The aims of this study were: (a) to determine the agreement between Vo 2 , Vco 2 , and VE using the MS and DB methods during flume swimming; and (b) to assess the repeatability of these and other MS-derived measures of pulmonary gas exchange and ventilation during flume-based swimming exercise of different intensities.
Methods
Experimental Approach to the Problem
The study consisted of 2 phases that were preceded by a single familiarization session and combined incremental and supramaximal verification test (Figure 1 ) to determine swimmers Vo 2 max and gas exchange threshold (GET). Phase 1 was designed to assess the agreement between Vo 2 , VE , and Vco 2 using the MS and DB methods when swimming at different intensities. It was also used to assess within-trial and between-trial repeatability of Vo 2 , Vco 2 , and VE using the MS vs.
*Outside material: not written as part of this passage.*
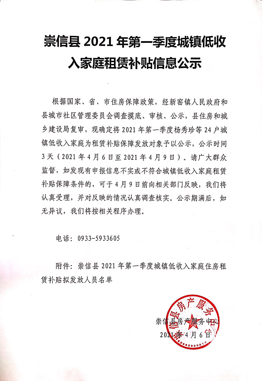 崇信县2021年第一季度城镇低收入家庭租赁补贴信息公示 发文日期:2021-04-09 00:00 来源:崇信县住房和城乡建设局 作者:崇信住建局 编辑:星云科技 扫一扫在手机打开当前页 上一篇: 公共租赁住房资产管理暂行办法 下一篇: 2020年第四季度城镇低收入家庭住房租赁补贴拟发放人员名单

DB methods. Phase 2, which occurred on different days to phase 1, was designed to assess the between-day variation and hence repeatability of MS derived ventilatory measures (tidal volume [VT] and breathing frequency [f r ]) and pulmonary gas exchange parameters during constant-velocity submaximal swimming based on GET. In addition to Vo 2 , VE , and Vco 2 , this included the end-tidal pressures of O2 and CO2 (PET O2 and PET CO2 , respectively).
Figure 1.: Schematic of the protocol. *Limit of tolerance and †order of DB and MS collections counterbalanced between participants. Duration denotes duration of the stage. Sample denotes time point (minutes) within a given stage of phase 1 that expired air was measured. DB = Douglas bag; MS = MetaSwim.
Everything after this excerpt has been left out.